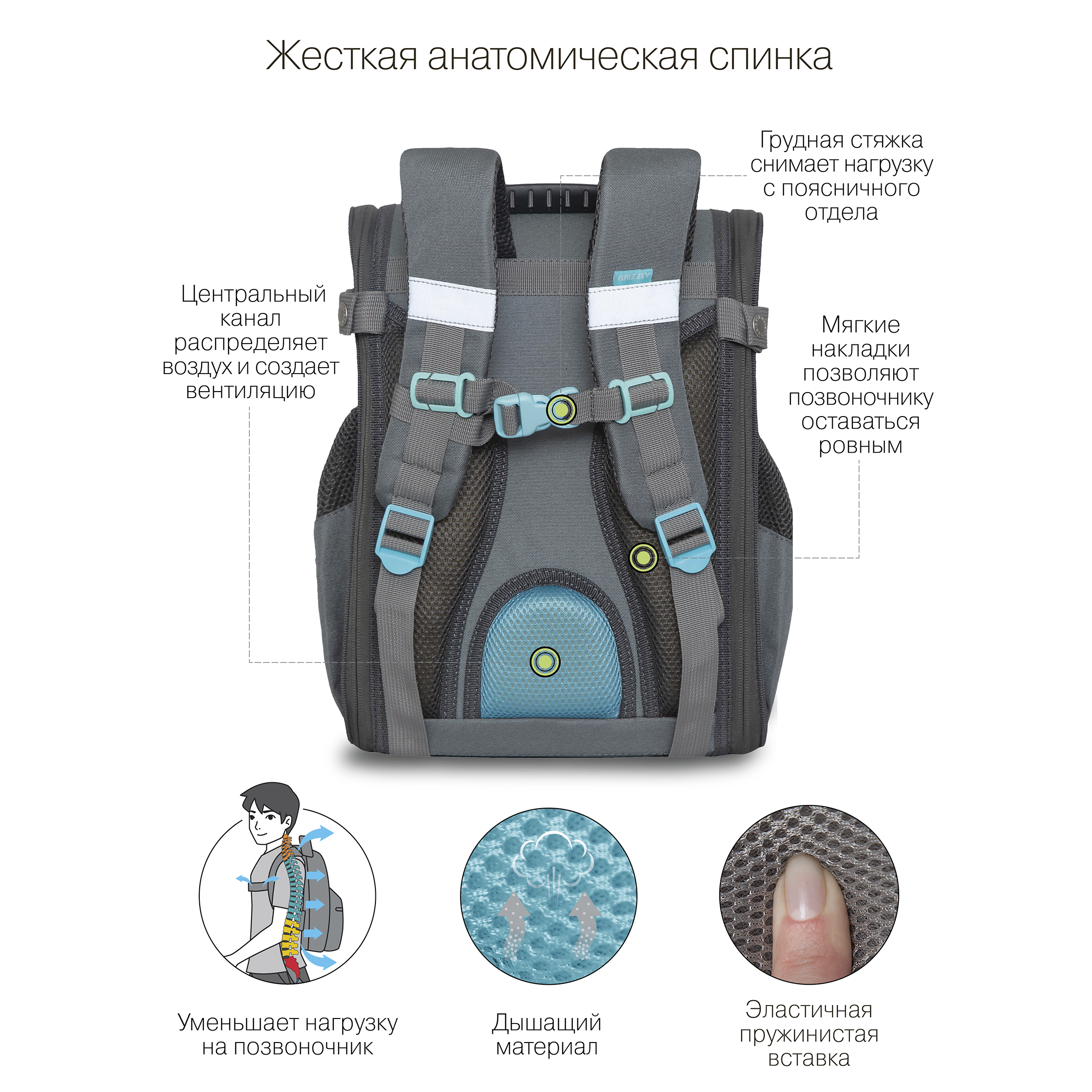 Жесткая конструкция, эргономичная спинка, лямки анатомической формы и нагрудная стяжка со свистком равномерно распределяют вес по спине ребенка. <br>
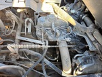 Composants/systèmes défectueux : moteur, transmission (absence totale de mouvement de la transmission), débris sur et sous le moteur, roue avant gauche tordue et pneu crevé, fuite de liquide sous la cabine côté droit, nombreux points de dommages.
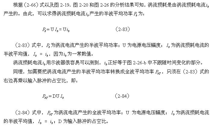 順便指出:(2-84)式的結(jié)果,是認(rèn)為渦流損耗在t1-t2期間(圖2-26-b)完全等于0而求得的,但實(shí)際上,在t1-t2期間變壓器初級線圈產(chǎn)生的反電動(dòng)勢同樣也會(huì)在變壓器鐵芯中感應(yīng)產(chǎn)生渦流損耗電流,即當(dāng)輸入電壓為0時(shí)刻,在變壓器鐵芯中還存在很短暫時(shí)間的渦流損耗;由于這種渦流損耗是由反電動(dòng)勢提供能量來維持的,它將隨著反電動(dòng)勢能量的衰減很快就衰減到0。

▶ [What you should do]
At the line containing "Composants/systèmes défectueux : moteur, transmission", start reproducing exactly, and stop after the last line of the listing; include both ends, and leave the pictures out.

▶ [Written answer]
 Composants/systèmes défectueux : moteur, transmission (absence totale de mouvement de la transmission), débris sur et sous le moteur, roue avant gauche tordue et pneu crevé, fuite de liquide sous la cabine côté droit, nombreux points de dommages.
 順便指出:(2-84)式的結(jié)果,是認(rèn)為渦流損耗在t1-t2期間(圖2-26-b)完全等于0而求得的,但實(shí)際上,在t1-t2期間變壓器初級線圈產(chǎn)生的反電動(dòng)勢同樣也會(huì)在變壓器鐵芯中感應(yīng)產(chǎn)生渦流損耗電流,即當(dāng)輸入電壓為0時(shí)刻,在變壓器鐵芯中還存在很短暫時(shí)間的渦流損耗;由于這種渦流損耗是由反電動(dòng)勢提供能量來維持的,它將隨著反電動(dòng)勢能量的衰減很快就衰減到0。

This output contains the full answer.